__Data below__.
--------------------------------

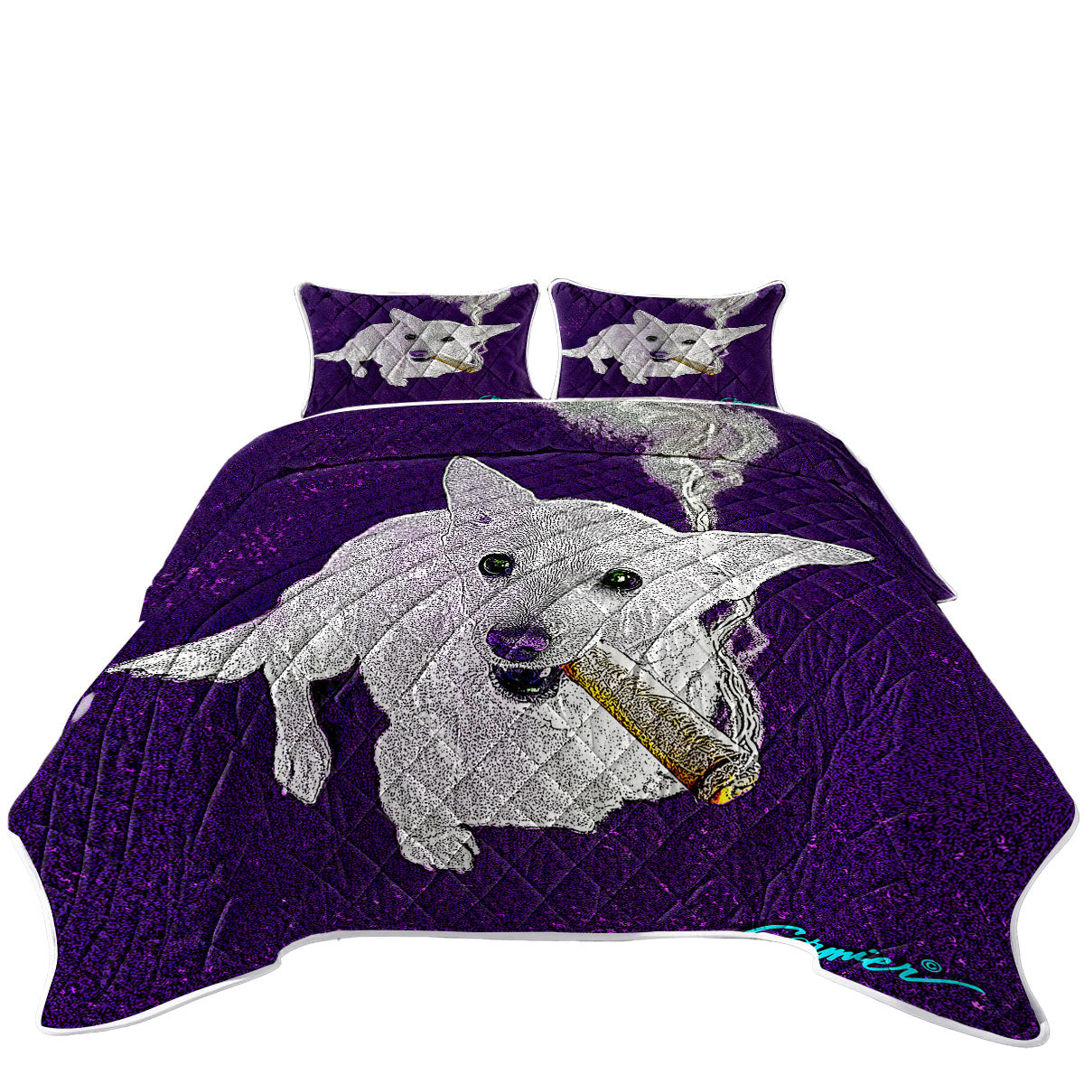 White Purple Artistic Drawing Smoking Dog King Size Bedspreads
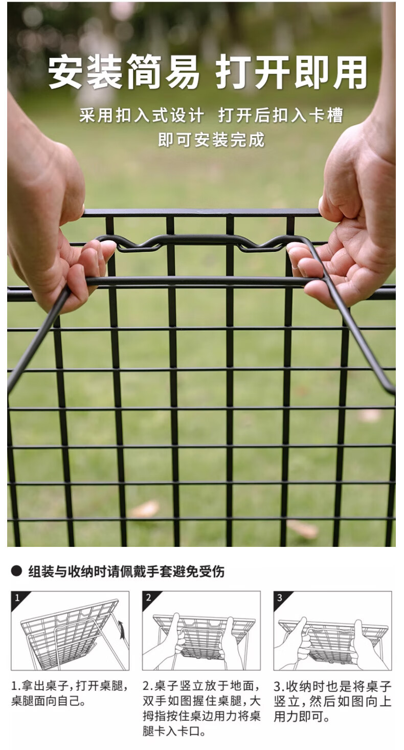 小桌子可以折叠,用料扎实,手感份量特别足,打开以后非常稳定,不会晃动不会倾斜,户外露营非常实用,建议广大同学购买,价格不贵,就是好用。
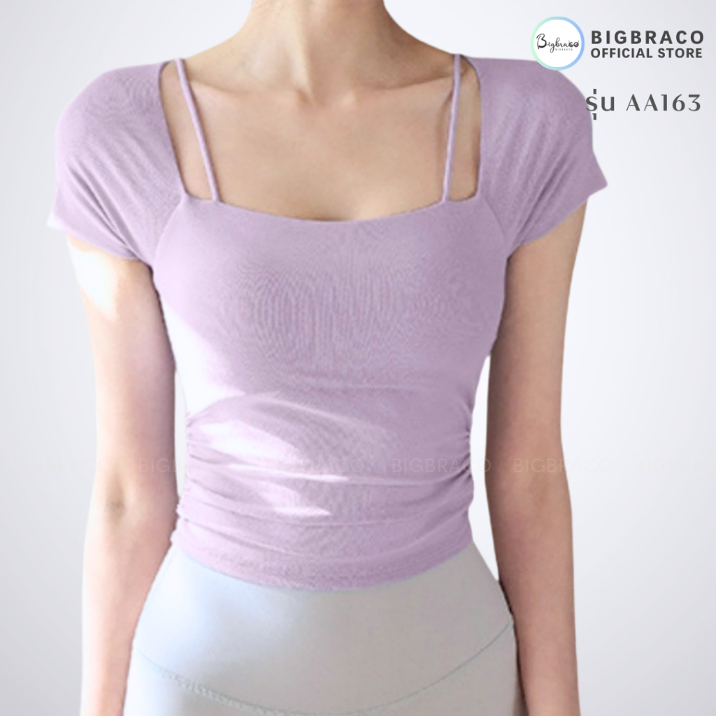 (Plussize S-XL) Bigbraco | AA163 - เสื้อออกกำลังกายพิลาทิส ชุดโยคะ ชุดพิลาทิส ทรงตัวยาวเต็มตัว เนื้อผ้านุ่ม มีฟองน้ำ
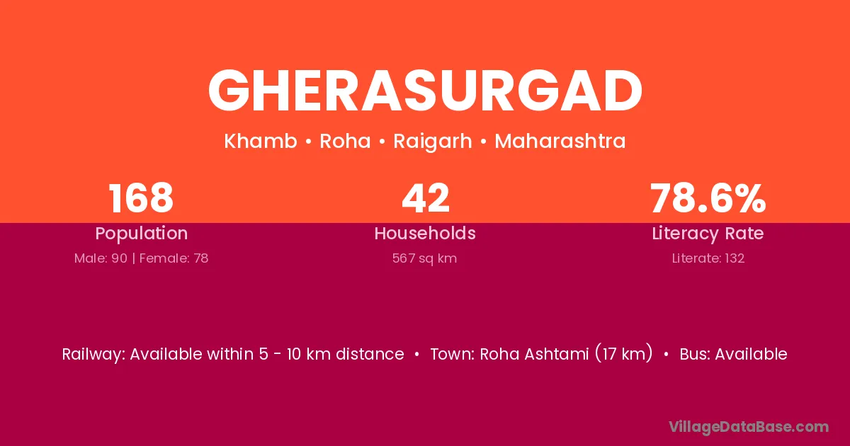 Roha Ashtami (17 km) is the nearest town to Gherasurgad village for major economic activities and is located approximately 17 km away.

--------------------------------

__Exercise prompt__. Pictures stay out. Everything else in the listing gets printed exactly.

__Written solution__.
 White Purple Artistic Drawing Smoking Dog King Size Bedspreads
 小桌子可以折叠,用料扎实,手感份量特别足,打开以后非常稳定,不会晃动不会倾斜,户外露营非常实用,建议广大同学购买,价格不贵,就是好用。
 (Plussize S-XL) Bigbraco | AA163 - เสื้อออกกำลังกายพิลาทิส ชุดโยคะ ชุดพิลาทิส ทรงตัวยาวเต็มตัว เนื้อผ้านุ่ม มีฟองน้ำ
 Roha Ashtami (17 km) is the nearest town to Gherasurgad village for major economic activities and is located approximately 17 km away.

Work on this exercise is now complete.